The WCGS began in 1960 with 3,524 male volunteers who were employed by 11 California companies. Subjects were 39 to 59 years old and free of heart disease as determined by electrocardiogram. After the initial screening, the study population dropped to 3,154 and the number of companies to 10 because of various exclusions. The cohort comprised both blue- and white-collar employees. At baseline the following information was collected: socio-demographic including age, education, marital status, income, occupation; physical and physiological including height, weight, blood pressure, electrocardiogram, and corneal arcus; biochemical including cholesterol and lipoprotein fractions; medical and family history and use of medications; behavioral data including Type A interview, smoking, exercise, and alcohol use.
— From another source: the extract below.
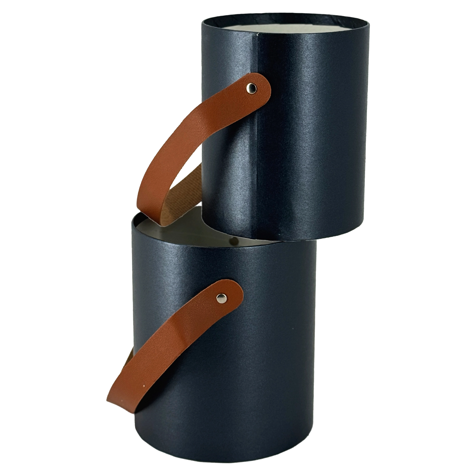 Коробка шляпная, D14хH17,5 см, D12хH15,5 см, набор (2 шт), без крышки, с ручкой Черный

Later surveys added data on anthropometry, triglycerides, Jenkins Activity Survey, and caffeine use. Average follow-up continued for 8.5 years with repeat examinations.

Source

Statistics for Epidemiology by N. Jewell (2004)

Goal

To find out the association between diseased variable and each exposure variable that is categorized. And to figure out the causal relationship and make conlusion about the inference. And fit some models to predict the outcome by those variables.

Preprocessing

Import data

# Load library
library(faraway)
data(wcgs)

# Present the structure of data
str(wcgs)

Output:

## 'data.frame': 3154 obs. of 13 variables:
## $ age : int 49 42 42 41 59 44 44 40 43 42 ...
## $ height : int 73 70 69 68 70 72 72 71 72 70 ...
## $ weight : int 150 160 160 152 150 204 164 150 190 175 ...
## $ sdp : int 110 154 110 124 144 150 130 138 146 132 ...
## $ dbp : int 76 84 78 78 86 90 84 60 76 90 ...
## $ chol : int 225 177 181 132 255 182 155 140 149 325 ...
## $ behave : Factor w/ 4 levels "A1","A2","B3",..: 2 2 3 4 3 4 4 2 3 2 ...
## $ cigs : int 25 20 0 20 20 0 0 0 25 0 ...
## $ dibep : Factor w/ 2 levels "A","B": 2 2 1 1 1 1 1 2 1 2 ...
## $ chd : Factor w/ 2 levels "no","yes": 1 1 1 1 2 1 1 1 1 1 ...
## $ typechd: Factor w/ 4 levels "angina","infdeath",..: 3 3 3 3 2 3 3 3 3 3 ...
## $ timechd: int 1664 3071 3071 3064 1885 3102 3074 3071 3064 1032 ...
## $ arcus : Factor w/ 2 levels "absent","present": 1 2 1 1 2 1 1 1 1 2 ...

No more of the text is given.